Census-designated place in Wyoming, United States

Beulah is a census-designated place (CDP) in eastern Crook County, Wyoming, United States, along Sand Creek, a tributary of the Belle Fourche River. According to local residents, the population is 33. When the 2010 census reported the population as 73, the highway sign at the town entrance was changed. In 2012, Beulah residents succeeded in appealing to the Wyoming Governor to remove the new sign and replace it with one that proclaimed the population to be 33.

==Geography==
Beulah is located alongside Interstate 90 which runs concurrently with U.S. Route 14. The town is northeast of Sundance, the county seat of Crook County. Although Beulah is unincorporated, it is served by the United States Postal Service and has a post office, with the ZIP code of 82712.

According to the United States Census Bureau, the CDP has a total area of 0.55 square mile (1.4 km^{2}), all land.
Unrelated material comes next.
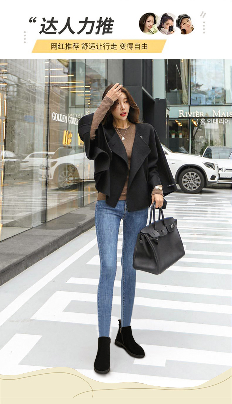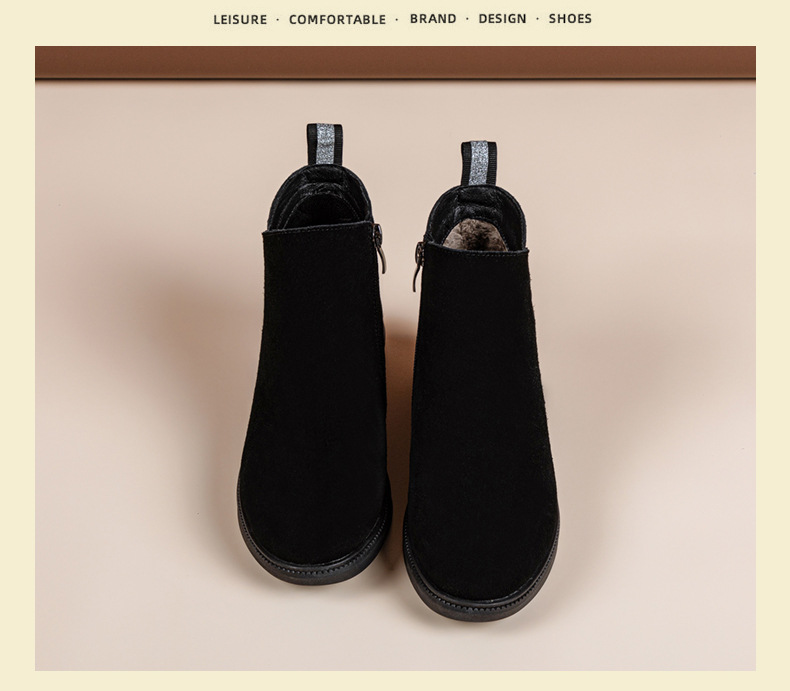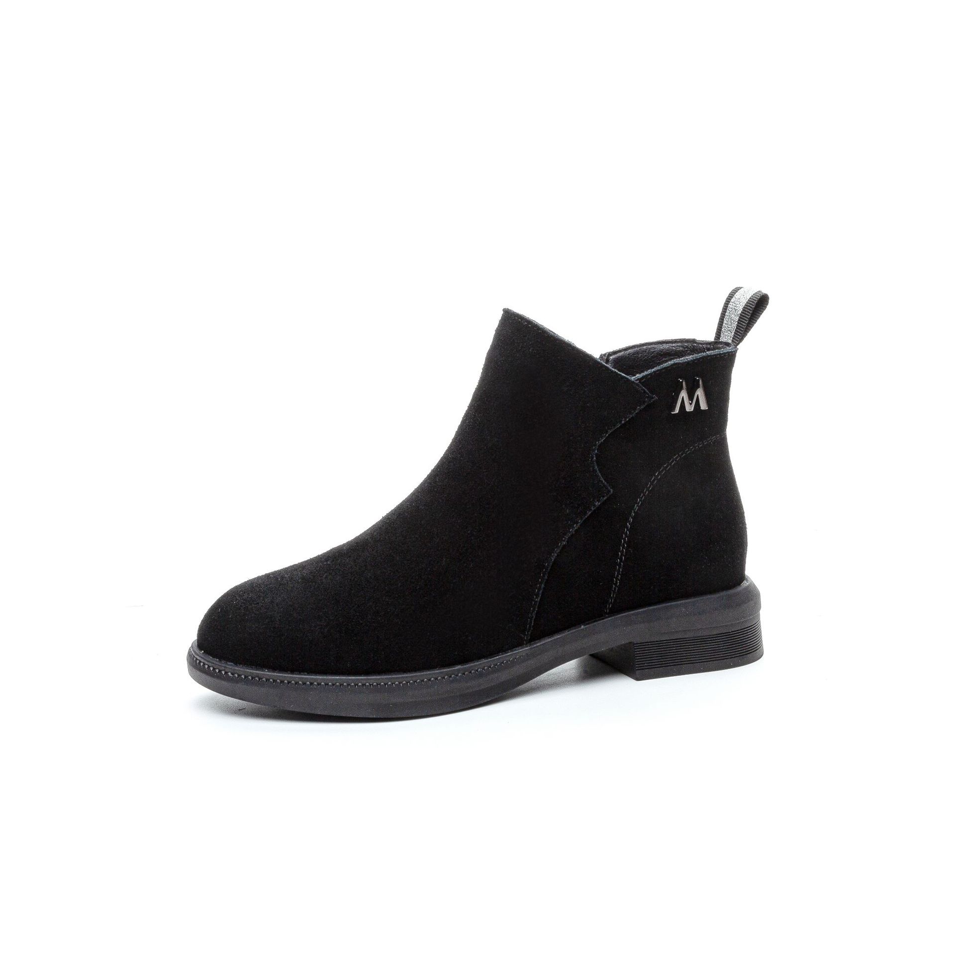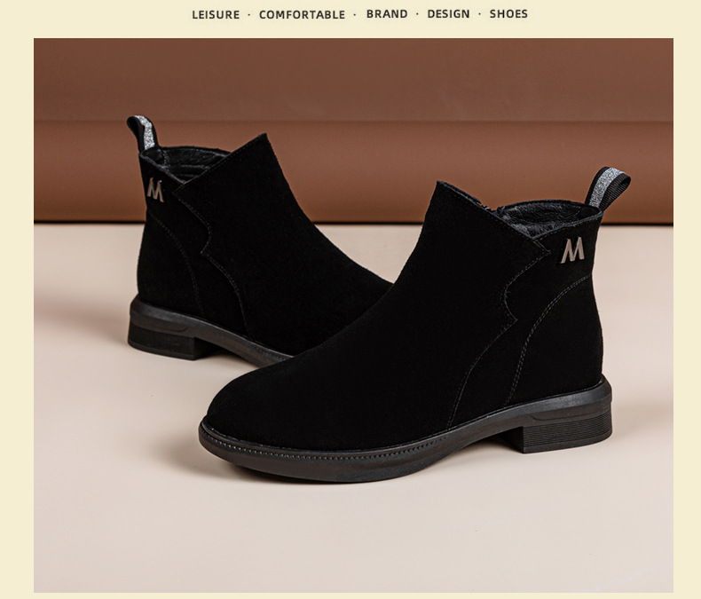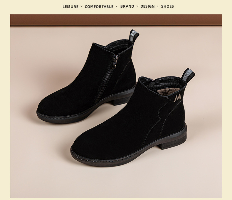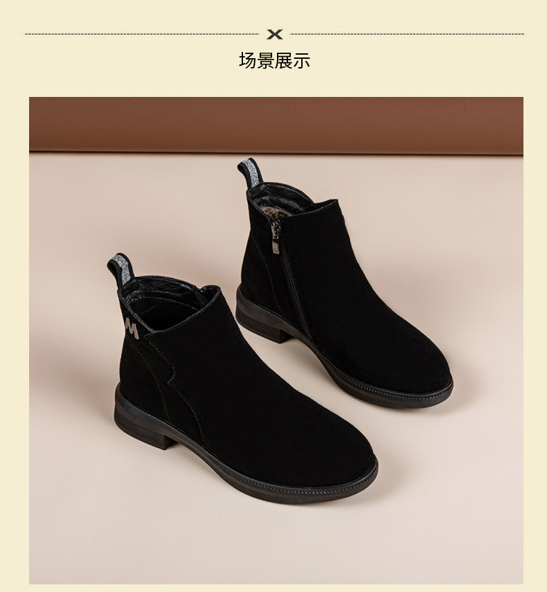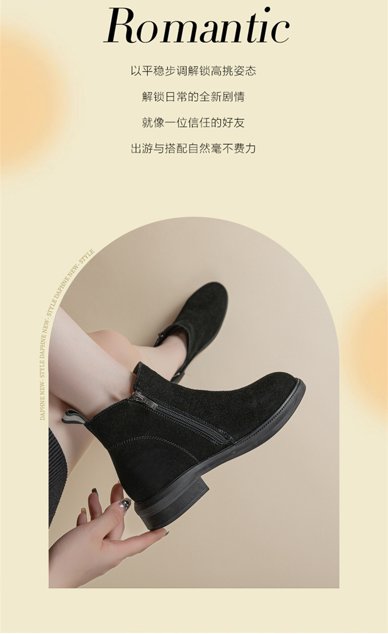 2025 가을 겨울 신상품 퍼스트 레이어 누벅 가죽 숏부츠 여성 플랫 굽 첼시 부츠 플러스 사이즈 여성 신발스토어 가기
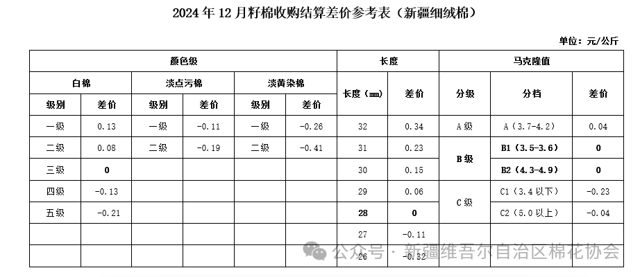 2024年12月《中国棉花协会籽棉收购结算差价参考表(新疆细绒棉)》正式发布

Beulah is located approximately 15 miles west of Spearfish, South Dakota by I-90, and a further 62 miles east from Rapid City. To the west, Beulah is located 47 miles of Keyhole State Park and approximately 50 miles from Devils Tower National Monument. The nearest general aviation airport is Black Hills Airport in Spearfish, and the nearest airport with commercial service is Rapid City Regional Airport.

===Climate===
According to the Köppen Climate Classification system, Beulah has a semi-arid climate, abbreviated "BSk" on climate maps.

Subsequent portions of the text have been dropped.